We took a moment to do a competitive analysis because we wanted to understand what other apps are currently available to users that provide a solution to similar user problem and wanted to compare and contrast each of them so that we can understand the areas for improvement, areas that users respond positively, and areas where there can still be innovation within the recipe generation space.


prototyping

Now that we gathered enough research about who our users are, what kind of features we wanted to include in our app, what the user journey will look like, and learning more insight about competitors we could now start the prototype process. Each group member created their own hand sketches that we created lo-fi prototypes with using InVision.

sketches

Using insights from our research, we each sketched individual paper prototypes based off our user flow. 

lo-fi wireframes

Once we compiled the best features from each member’s paper sketches, we were able to come up with a low fidelity wireframe mockup of our Eat Me app.


homepage A/B testing

We found that there were two key directions we could go within the homepage design that can showcase what the users are looking for when they reach the homepage and searching for new recipes with the Eat Me app. So we conducted A/B testing and concluded that the “B” version was the most positively engaged amongst our users.

hi-fi prototype

After our user testing with the lo-fi prototype, we were able to iterate on specific wireframes to enhance the user experience and we were able to translate that into a high fidelity prototype using Figma.


testing and iteration

Objective ​
A) Can users successfully complete onboarding, including building their My Kitchen Profile?
B) Are users able to successfully search for a recipe with ingredients and filter their searches?
C) Determine which version of the app executes these steps more successfully in A/B Testing

Tasks ​
1)  Sign up for account using Email
2) Build My Kitchen Profile
3) Search for a recipe with ingredients you have on hand and filter search as necessary. 
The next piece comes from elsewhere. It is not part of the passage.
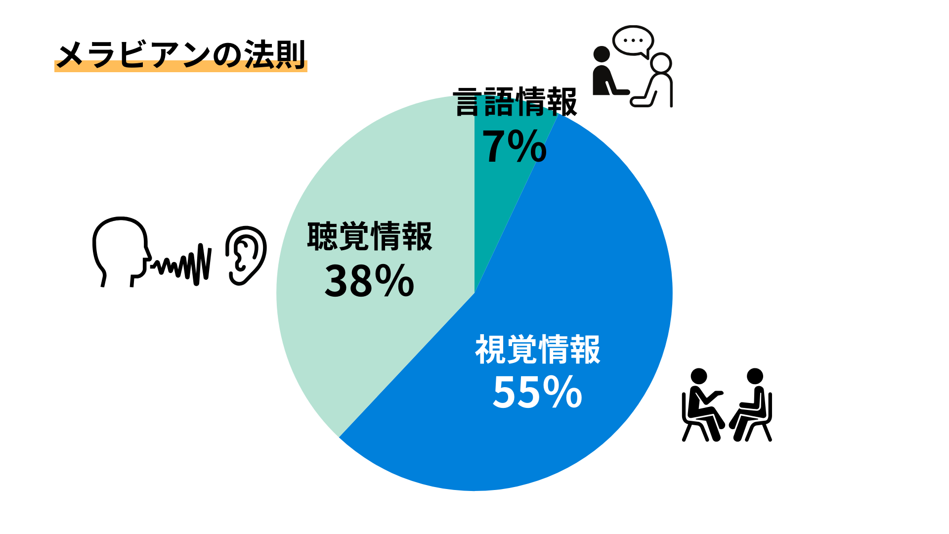 メラビアンの法則によると、言葉から伝わる情報は、全体の7%に過ぎないということです。

4) Select top suggested result and save recipe.

Feedback
✓ - Testers were successfully able to sign up using Email.
✓ - Testers were successfully able to build My Kitchen Profile, though there were questions regarding options provided.
✓ - Testers confused by initial coaching screens but were able to search for ingredients with little issue​​, though finding filters button was an issue for a few testers.

✓ - Testers were successfully able to select top suggested result and save recipe. Few had layout and format suggestions for recipe page.
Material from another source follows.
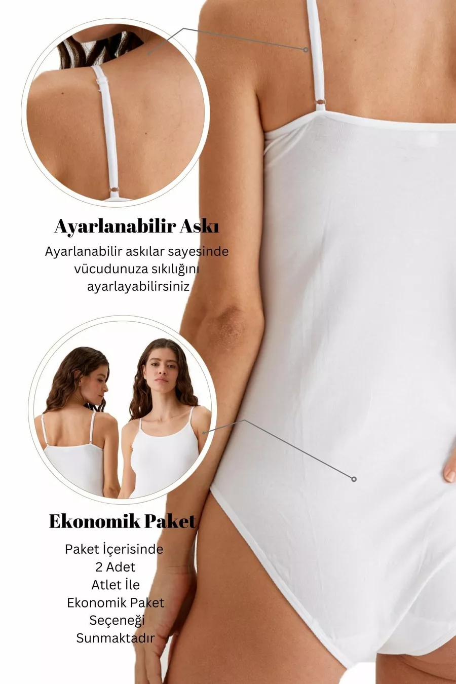 2-teiliges Wirtschaftspaket Weiß Dünn Träger Basic Baumwoll-Body / Unterhemd Set

X - Tester Failed to get past the loading screen


usability testing matrix and analysis

We conducted usability testing of our hi-fi prototype and wanted to find insights related to which features of the current app design were the most valuable to our users and for our goals as designers.

conclusion

This was an exciting project that allowed our group to explore each step of the UX process in an in-depth manner. We learned many valuable lessons from both our successes and mistakes.
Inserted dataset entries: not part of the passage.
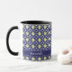 Mug moderno de padrão floral marroquino azul e amarelo. Personalize com seu nome.
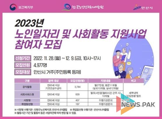 뉴스팍 진금하 기자 | 안산시는 ‘2023년 노인일자리 및 사회활동 지원사업’ 참여자 4천977명을 다음달 9일까지 모집한다고 29일 밝혔다.
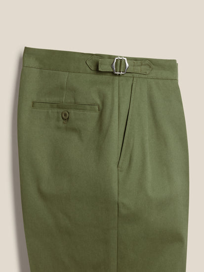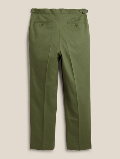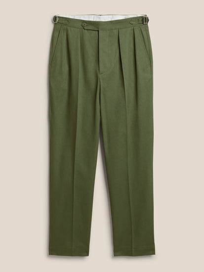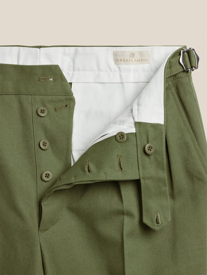 Safi is a nod to 1960s Riviera style, featuring details such as an extended waistband and side adjusters. Designed for a comfortable high-waisted fit, it features a double-pleated front and a button fly. The trousers are crafted from a 300 gsm (8.9oz) cotton twill, exclusively woven for Casatlantic to meet our specific requirements in durability and aging.
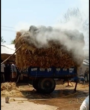पिथौरा :::धान की गट्ठर ट्रेक्टर से लाद कर कोठार लेते समय बिजली तार छू जाने से धान में अचानक लगी आग।राजा सैवैया गाँव की अभी दोपहर का मामला। ग्रामीणजन उठते आग की लपट बुझाने में जुटे।

Further research is crucial
We realized how important user research is during this process. For every ideation, for every iteration, we kept referring to our notes and transcripts for the feedback we received during our interviews. For the 6 people we interviewed, the 56 people we surveyed, and the 7 usability tests we conducted, there was so much insight we gathered. We never imagined how many times we would reference any of it, and with more user research we will be able to iterate even more successfully. 

Coding is needed for a better prototype

We learned that the very nature of prototype testing resulted in a number of failures and slowdowns as the user navigated through the app. The loading page confused users and had them slow down or give up all together. The preloaded filter settings and personalization/onboarding confused some testers who were trying to input their own preferences. To simulate true personalization and get better results from testing is to actually code so the app can be more similar to what the user would actually experience.